Most researchers posit that knowledge of scene context arises from extensive experience with scenes and objects (see Henderson, 2003, for a review). In fact, many studies and computational models have shown that when a scene is viewed multiple times, one begins to learn object placement. For example, Brockmole and Henderson (2006a, 2006b) showed that arbitrary targets were associated with specific scene locations over multiple scene exposures. Additionally, Bayesian computational models (Eckstein, Drescher, & Shimozaki, 2006; Ehinger, Hidalgo-Sotelo, Torralba, & Oliva, 2009; Najemnik & Geisler, 2005; Torralba, Oliva, Castelhano, & Henderson, 2006) have demonstrated through machine learning that associations between scene context and target placement can accurately predict human eye movements. However, objects are acted on, not just viewed within contexts. In the present study, we investigated whether an object’s function is related to its placement in a scene and whether knowledge of the object’s function can guide search.

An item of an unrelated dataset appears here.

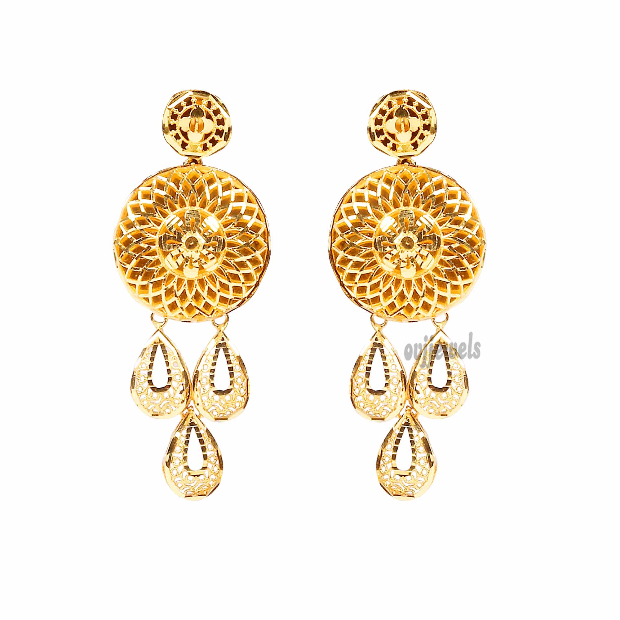 These gorgeous gold earrings embedded with shine an unusually cut design that you may have never come across.

Gibson’s (1979) seminal work demonstrated that perception is not an end in itself, but rather occurs in the service of a larger task goal, usually in the performance of an action. Many studies have demonstrated an intimate link between actions and perception. Recent studies have shown that actions are directly tied to object representations, even when unrelated to the task at hand (Beilock & Holt, 2007; Grezes, Tucker, Armony, Ellis, & Passingham, 2003; Helbig, Steinwender, Graf, & Kiefer, 2010). Additionally, studies have shown that actions performed with objects have certain spatial associations (Downing-Doucet & Guérard, 2014; Tucker & Ellis, 2004). These results suggest that actions performed with objects not only may have an effect on object recognition and memory, but also may influence how they fit within a larger context. For instance, actions are associated with specific spatial constraints (e.g., reaching up, pressing a button), which could impose limitations on where objects are placed within a scene. Here, we investigated the connection between object function and scene context and its impact on subsequent behavior.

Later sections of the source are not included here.